MCN Columnists
Kim Voynar

By Kim Voynar

Arthouse Redux: Claire Denis: A Little Restraint Goes a Long Way

There are filmmakers who use their medium purely to entertain, or to preach a particular message, or to guide their audience down the path of a particular story, tightly controlling and manipulating their audience’s reactions to what’s on the screen: milking the laughs, exagerrating the conflicts, torquing up both the actions and the reactions of their characters. And then there are those rare and gifted filmmakers who have mastered the art of restraint, who paint their canvases in quiet moments and tiny brushstrokes that allow room for the audience to shape and influence their own response to what they’re seeing. French director Claire Denis is an artist of the highest order when it comes to the use of restraint and realism in filmmaking.

One of my favorite films at Toronto a couple years ago was Denis’ languorous 35 Rhums (35 Shots of Rum). Like many of Denis’ films, 35 Rhums floats in and around the lives of its characters with minimal use of dialogue and utilizes Denis’ hallmark unstructured narrative style; Denis tends to just drop the audience into her characters’ lives without expending a lot of time or energy setting up the backstory.

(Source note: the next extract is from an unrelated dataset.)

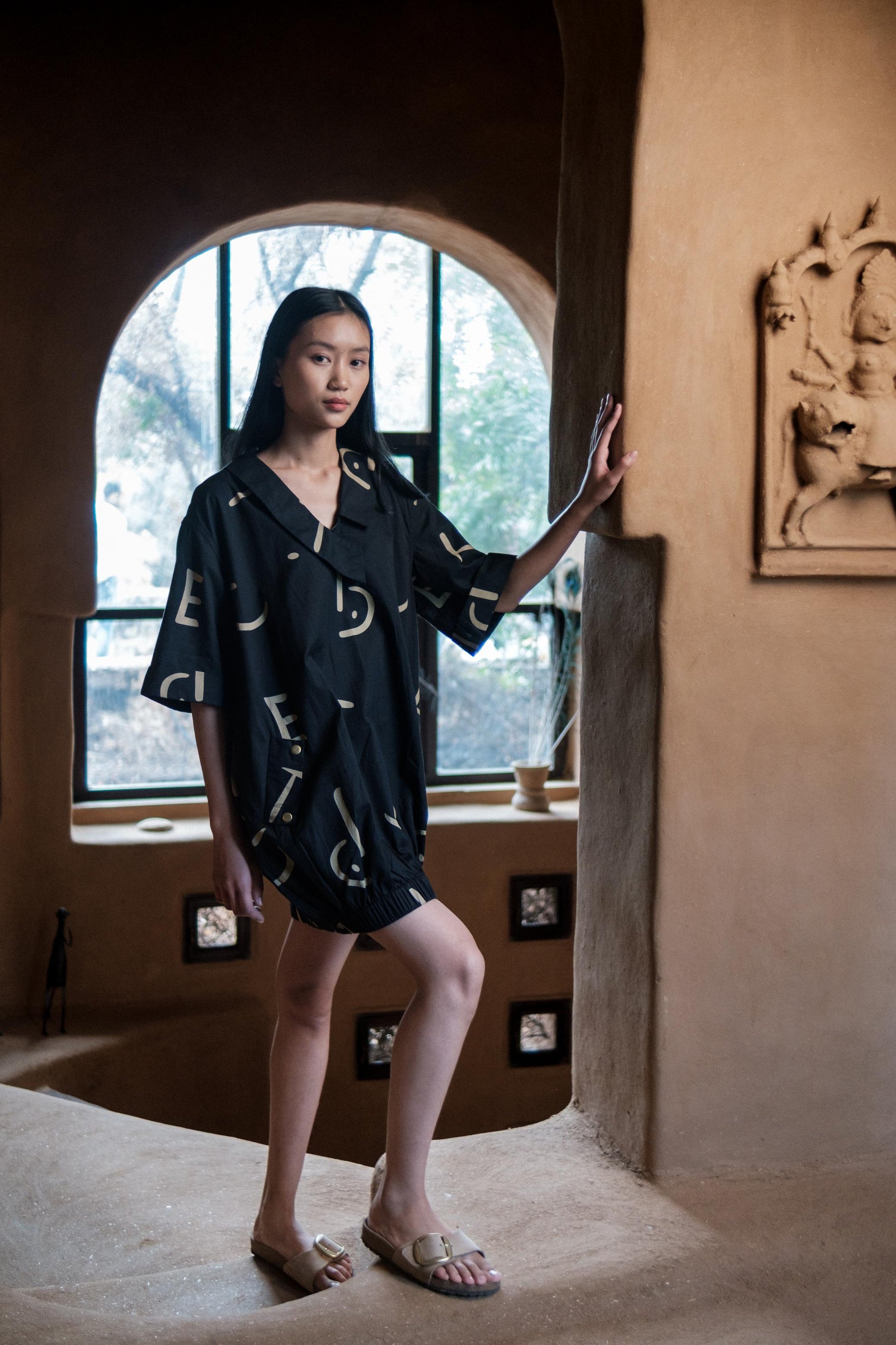 An oversized shift dress with elasticated hem detail , pockets and asymmetrical collar is the perfect defination of casual chic.
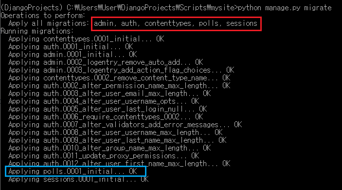 (DjangoProjects) C:\Users\User\DjangoProjects\Scripts\mysite>python manage.py sqlmigrate polls 0001

35 Rhums allows us to be flies on the wall in the story of African immigrant and train engineer Lionel (Alex Secas) and his bi-racial college student daughter Jospehine (Mati Diop), at a time when the comfortably woven threads of their lives together are beginning to strain and unravel. Josephine feels responsible for her father and thinks he can’t get along without her; Lionel loves his daughter and cannot imagine a life without her, even though he knows he must let her go. A rice cooker, of all things, becomes the symbol for both of them learning to let go.

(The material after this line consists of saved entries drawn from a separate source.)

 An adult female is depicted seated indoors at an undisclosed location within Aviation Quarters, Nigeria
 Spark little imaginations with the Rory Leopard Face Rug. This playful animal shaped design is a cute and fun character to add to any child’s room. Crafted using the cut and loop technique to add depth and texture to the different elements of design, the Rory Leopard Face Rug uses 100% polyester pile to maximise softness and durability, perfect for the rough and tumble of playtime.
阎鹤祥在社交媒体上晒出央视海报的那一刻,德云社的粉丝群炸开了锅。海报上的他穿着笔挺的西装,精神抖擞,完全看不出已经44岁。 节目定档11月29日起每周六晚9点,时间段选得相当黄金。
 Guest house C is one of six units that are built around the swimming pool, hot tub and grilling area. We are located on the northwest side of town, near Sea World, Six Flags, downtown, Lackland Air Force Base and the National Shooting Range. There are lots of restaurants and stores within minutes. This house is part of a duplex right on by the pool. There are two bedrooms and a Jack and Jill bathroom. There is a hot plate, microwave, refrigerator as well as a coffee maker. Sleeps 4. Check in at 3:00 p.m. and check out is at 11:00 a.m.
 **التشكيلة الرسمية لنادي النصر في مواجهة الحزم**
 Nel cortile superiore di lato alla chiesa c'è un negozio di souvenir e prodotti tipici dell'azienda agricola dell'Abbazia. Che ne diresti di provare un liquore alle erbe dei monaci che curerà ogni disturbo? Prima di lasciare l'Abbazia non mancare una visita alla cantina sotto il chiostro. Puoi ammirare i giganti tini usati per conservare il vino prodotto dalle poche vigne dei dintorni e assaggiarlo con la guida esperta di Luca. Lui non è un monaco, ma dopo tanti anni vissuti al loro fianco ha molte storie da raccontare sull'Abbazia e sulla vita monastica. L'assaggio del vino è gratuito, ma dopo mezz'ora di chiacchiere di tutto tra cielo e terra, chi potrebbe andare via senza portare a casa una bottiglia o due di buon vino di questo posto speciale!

35 Rhums, like many of Denis’ films since her stunning debut Chocolat in 1988, is a lovely, beautifully drawn film that moves through its moments slowly, languidly, allowing us to simply be witness to this brief period in the characters lives. There are layers of meaning within all of Denis’ films, but rather than overwhelm us with emotional moments or cloying transformations of character, Denis tends to allow her characters, like real people, to simply be, to interact with each other and to react to what’s happening around them in a naturalistic fashion. And as in real life, it’s often the little things, the most subtle bits and pieces that matter most: A territorial reaction to dishes being washed without permission. A flashback to a charming flirtation between a barmaid and the customer who will one day be her adoring husband, set to the Beach Boys’ “God Only Knows.” A high-end black market coffee maker, burbling its way into an erotic dream. A rice cooker, stashed away in the closet until the day it will finally be needed.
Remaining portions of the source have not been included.